In his arms all the ugliness and doubts dissolved. A sense of safety engulfed me. Nothing he could tell me would change my feelings. “No going back, just don’t ever let go.”
“Never! No matter what.”
Carl’s arms tightened, his eyes glared down at me. Anger and doubt suddenly surged into hunger. With my legs still weak, Carl easily carried me to his bunk. Laying me down as he kissed me.
As many times as we’d been together, I could feel the difference in his lips, in his touch. Hungry, but taking his time. The glide of his fingers down my body excited me. His lips left mine to nibble down my neck, to that spot right at the curve of my neck.

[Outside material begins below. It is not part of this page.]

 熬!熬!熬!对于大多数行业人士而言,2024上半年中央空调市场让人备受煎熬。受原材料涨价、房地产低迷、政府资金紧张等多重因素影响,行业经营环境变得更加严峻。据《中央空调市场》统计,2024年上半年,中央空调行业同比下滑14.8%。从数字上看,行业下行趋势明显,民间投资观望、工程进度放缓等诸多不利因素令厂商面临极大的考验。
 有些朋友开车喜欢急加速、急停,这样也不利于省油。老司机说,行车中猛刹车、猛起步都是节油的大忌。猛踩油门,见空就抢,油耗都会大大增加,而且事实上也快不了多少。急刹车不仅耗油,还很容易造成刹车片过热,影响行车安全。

His body shifted as I tugged to free one of my legs, then wrapped it around him as his hips ground against mine.
His hand slipped into the small of my back as I arched my body against his, his other hand caught my shirt, pulling it up my body. I twisted out of it as he pulled it over my head. With several more twists of his body and mine, together in the same hunger, I got both my legs around him, feeling his bare flesh against mine.
I thrust my whole body against his as he pushed deep into me. He held me there, glaring down at me. “No going back. No matter what.” He didn’t wait for an answer, kissing me hard. If I had any doubts left in my mind and body, he exorcised them with a passion I’d never let myself feel. Ever.